7. Ratifikasi suatu kovensi atau perjanjian Internasional lainnya hanya dilakukan oleh Kepala Negara / Kepala Pemerintahan. Pasal 14 Kovensi Wina 1980 mengatur tentang kapan ratifikasi memerlukan persetujuan agar dapat mengikat. Kewenangan untuk menerima atau menolak ratifikasi melekat pada kedaulatan negara. Hukum Internasional tidak mewajibkan suatu negara untuk meratifikasi. Suatu perjanjian. Namun bila suatu negara telah meratifikasi Perjanjian Internasional maka negara tersebut akan terikat oleh Perjanjian Internasional tersebut, Sebagai konsekuensi negara yang telah meratifikasi perjanjian internasional tersebut akan terikat dan tunduk pada perjanjian internasional yang telah ditanda tangani, selama materi atau subtansi dalam perjanjian sesuai dengan ketentuan peraturan perundang undangan Nasional.Kecuali dalam perjanjian bilateral, diperlukan ratifikasi. Dalam sistem Hukum Nasional kita, ratifikasi Perjanjian Internasional diatur dalam Undang Undang No.24 Tahun 2000 tentang Perjanjian Internasional. 8. Sistem Hukum nasional Sebagai Negara merdeka yang berdaulat Indonesia telah aktif berperan dalam pergaulan hubungan Internasional dan mengadakan perjanjian-perjanjian Internasional dengan negaranegara lain, baik yang bersifat bilateral maupun multilateral. Dalam melaksanakan perjanjian-perjanjian Internasional tersebut, Indonesia menganut prinsip Primat Hukum Nasional dalam arti bahwa Hukum Nasional mempunyai kedudukan lebih tinggi daripada hukum Internasional. Dasar kewenangan presiden dalam pembuatan Perjanjian Internasional diatur dalam pasal 11 Undang-Undang dasar 1945 mengatur tentang perjanjian Internasional sebagai berikut: (1). Presiden dengan persetujuan Dewan Perwakilan Rakyat menyatakan perang, membuat perdamaian, dan perjanjian dengan Negara lain. (2).

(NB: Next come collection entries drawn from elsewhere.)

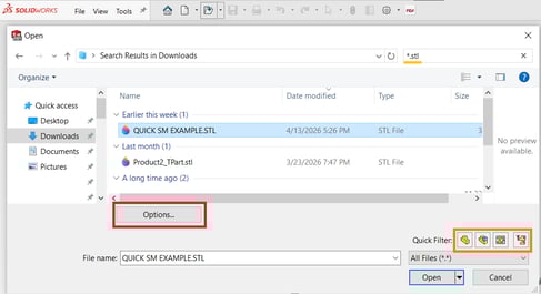 - If you do not see any .stl files, but expect they should be there, check to make sure that your SOLIDWORKS Quick-filter options are disabled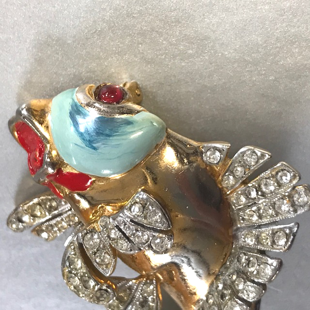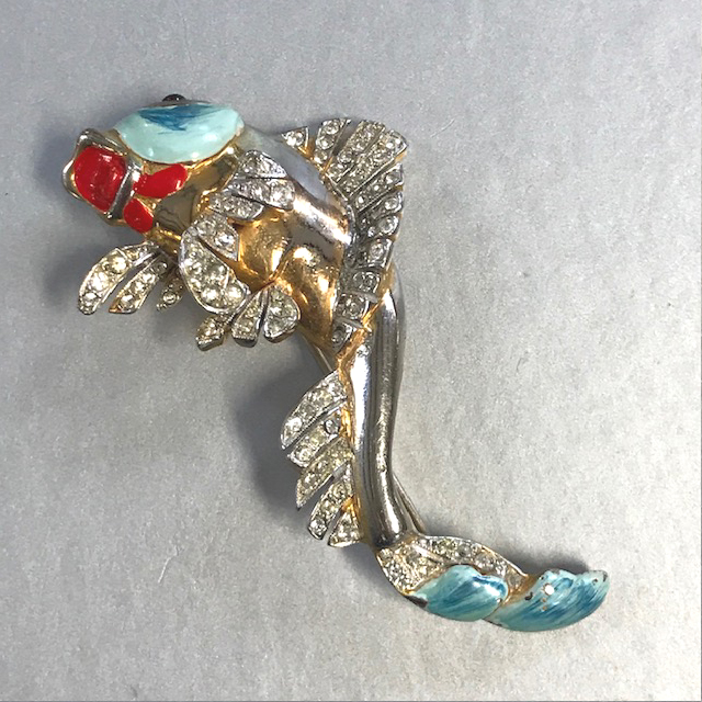 The swirling design is absolutely wonderful! It's not signed and while from the front it looks like a DeRosa, but the back doesn't give me a clue. I will just call it an unsigned fun figural fish brooch, circa 1940s.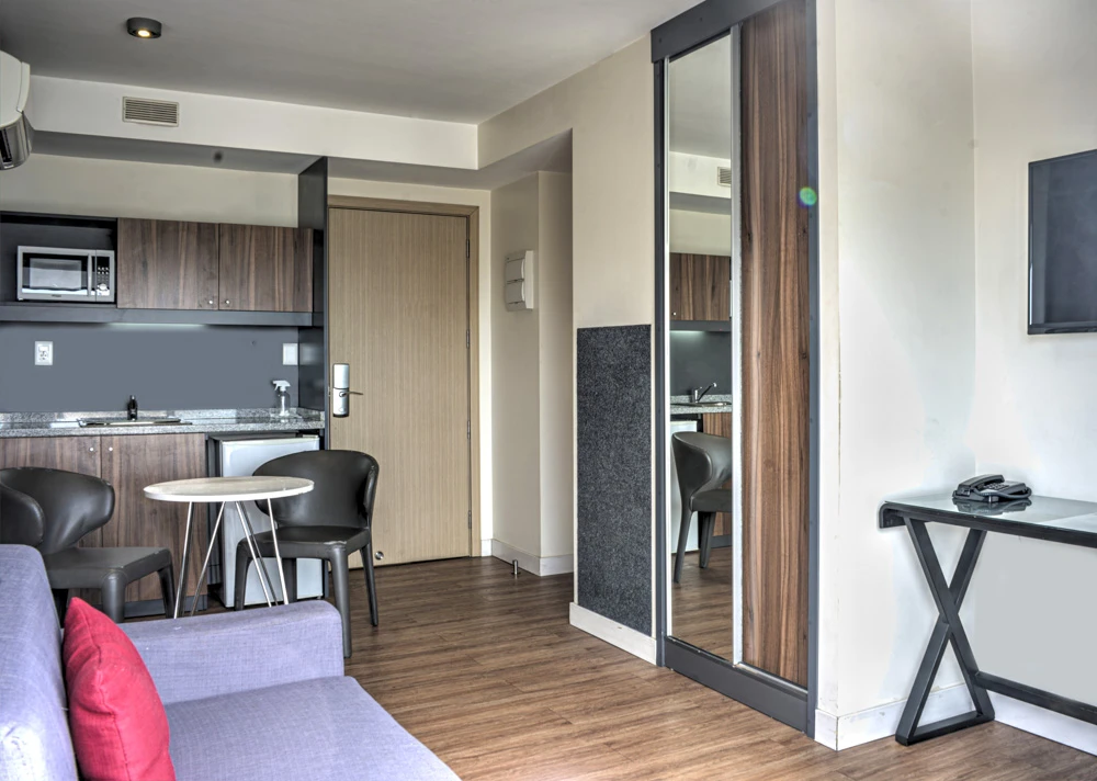 El hotel cuenta con 164 habitaciones, muchas de ellas equipadas con kitchenette para mayor comodidad. Amplios espacios y diseño contemporáneo definen este smart hotel que combina confort y eficiencia. Su propuesta incluye:

Presiden dalam membuat perjanjian Internasional lainnya yang menimbulkan akibat yang luas dan mendasar bagi kehidupan rakyat yang terkait dengan beban keuangan Negara, dan/ atau mengharuskan perubahan atau pembentukan Undang-undang harus dengan persetujuan Dewan

Perwakilan Rakyat. (3). Ketentuan lebih lanjut tentang perjajian Internasional diatur dalam Undang-undang. Berdasarkan pasal 11 ayat (3) Undang-Undang Dasar 1945 tersebut, telah diterbitkan surat Presiden nomor : 2826/Hk tentang Pengesahan Perjanjian Internasional yang berisi ketentuan ketentuan sebagai berikut:

Bila Perjanjian Internasional tersebut mengatur perjajian tentang masalah masalah yang terkait dengan politik dan kebijaksanaan Negara Republik Indonesia, Diratifikasi dengan undang undang. Dalam hal Perjanjian Internasional tersebut mengatur tentang masalah-masalah yang bersifat tehnis dan segera, diratifikasi dengan keputusan Presiden. Pada tahun 2000 surat Presiden nomor: 2826 tersebut dihapus dengan juga adanya Undang-undang nomor: 24/2000 tentang Perjanjian Internasional yang juga memuat ketentuan-ketentuan sebagaimana telah diatur dalam Surat Presiden nomor: 2826.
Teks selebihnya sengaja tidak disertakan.